Source data -
::::
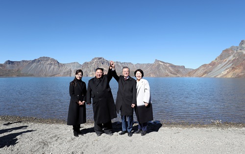 Sau hội nghị thượng đỉnh lần ba ở Bình Nhưỡng, Kim Jong-un và Moon Jae-in cùng các phu nhân và quan chức cấp cao hai nước sáng 20/9 đã lên thăm núi Paektu và hồ nước nổi tiếng ở miệng núi lửa Cheonji.
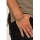 Infused with decorative copper fittings, antiqued copper bars thickly weave into a bold industrial cuff around the wrist.
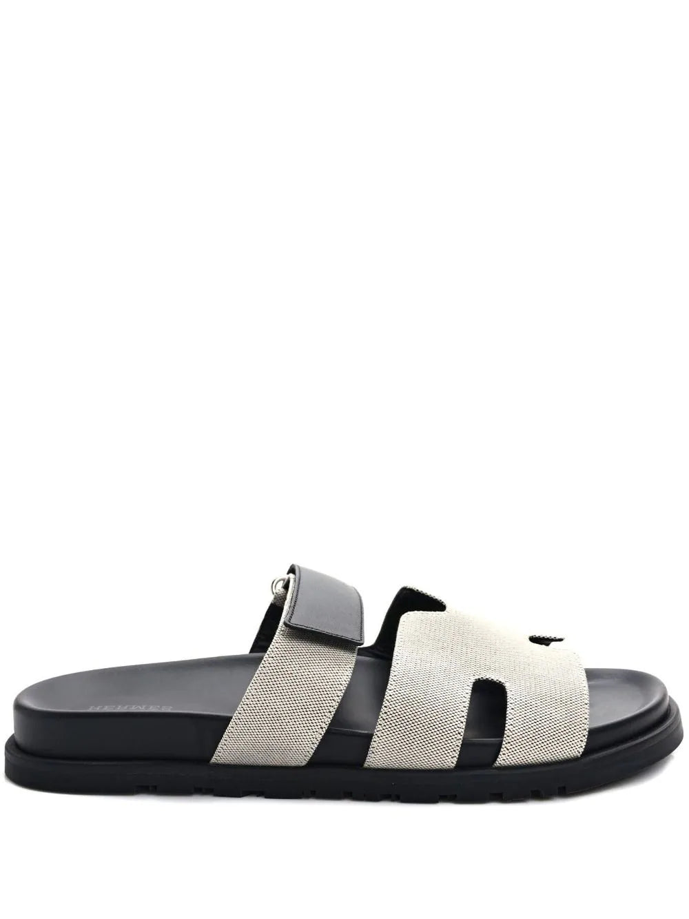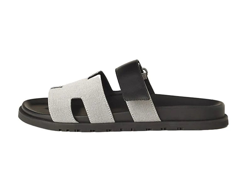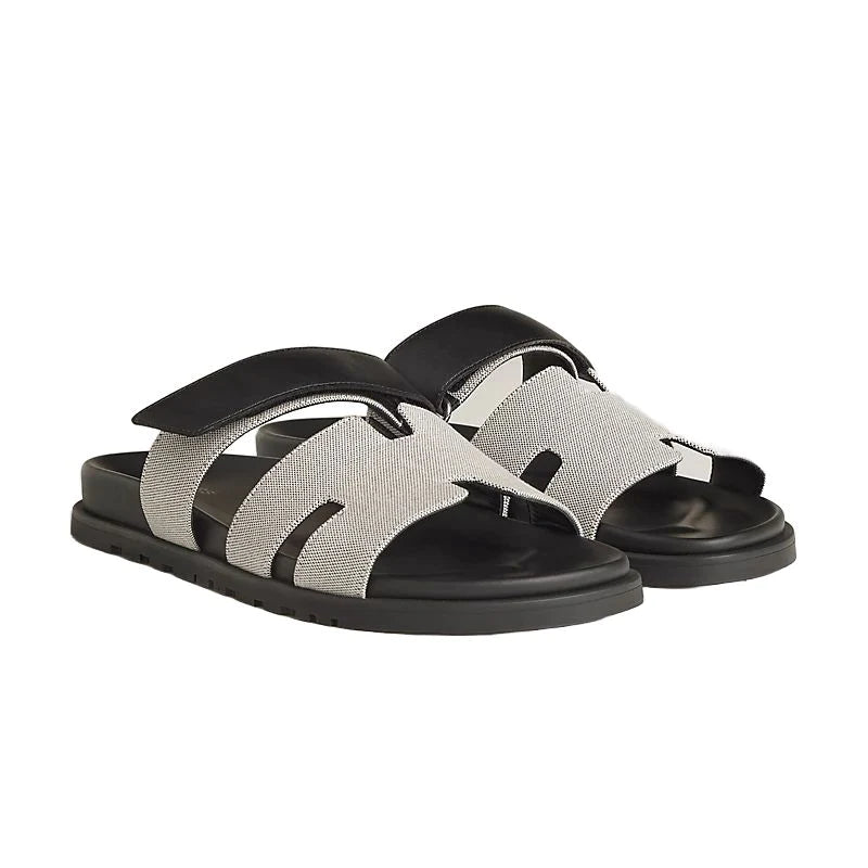Techno-sandal in H canvas and calfskin with anatomical rubber sole and adjustable strap.
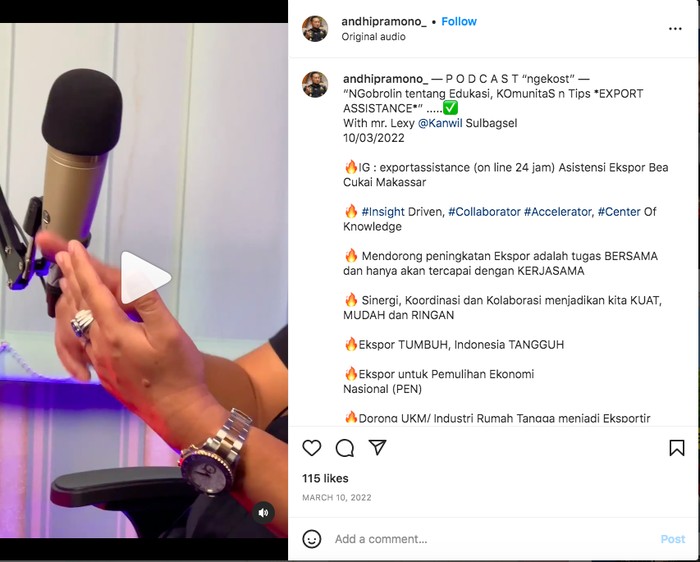 Perlu diketahui bahwa sebelumnya sebuah unggahan berisi foto Andhi saat menghadiri sebuah acara podcast beredar di media sosial (medsos) Twitter. Dikutip dari akun Twitter @BosPurwa, Andhi saat itu diduga memakai jam tangan mewah merek Rolex dan cincin blue safir.
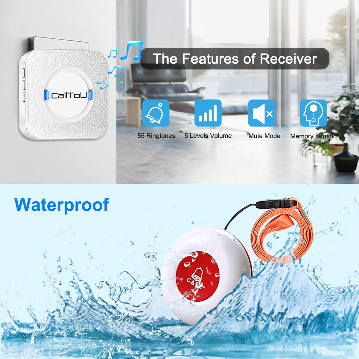 Q: Is the CallToU Caregiver Pager waterproof?A: Yes, the CallToU Caregiver Pager has an IP55 waterproof rating, making it suitable for use in various environments, including homes and offices. This feature helps protect the device from splashes and moisture.
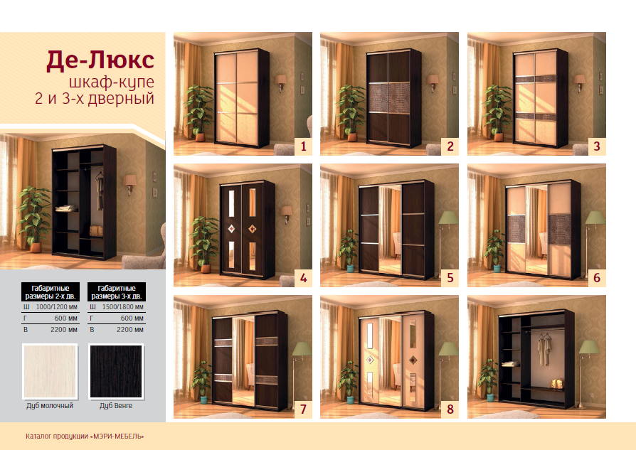 Линия Де-Люкс шкафов-купе Мэри наряду с конструктивным удобством предлагает шикарный внешний вид шкафов.
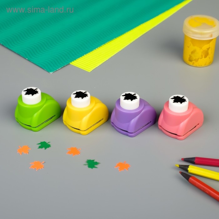 Дырокол фигурный d=1,5 см "Кленовый лист" МИКС 3,5х4х4 см
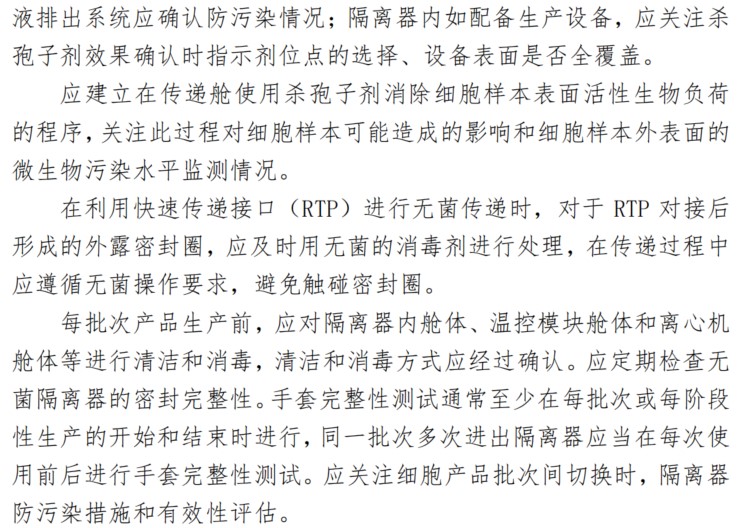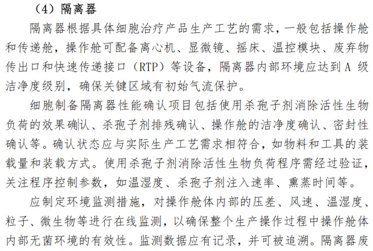 隔離器是細胞治療產(chǎn)品生產(chǎn)的常見(jiàn)設備,是無(wú)菌生產(chǎn)的必要條件,《指南》中對隔離器的要求主要包括以下幾個(gè)方面:
::::
What is required - Omit all pictures, and repeat exactly the lines from the line containing "Q: Is the CallToU" through the end of the data.

Solution to the problem -
 Q: Is the CallToU Caregiver Pager waterproof?A: Yes, the CallToU Caregiver Pager has an IP55 waterproof rating, making it suitable for use in various environments, including homes and offices. This feature helps protect the device from splashes and moisture.
 Линия Де-Люкс шкафов-купе Мэри наряду с конструктивным удобством предлагает шикарный внешний вид шкафов.
 Дырокол фигурный d=1,5 см "Кленовый лист" МИКС 3,5х4х4 см
 隔離器是細胞治療產(chǎn)品生產(chǎn)的常見(jiàn)設備,是無(wú)菌生產(chǎn)的必要條件,《指南》中對隔離器的要求主要包括以下幾個(gè)方面:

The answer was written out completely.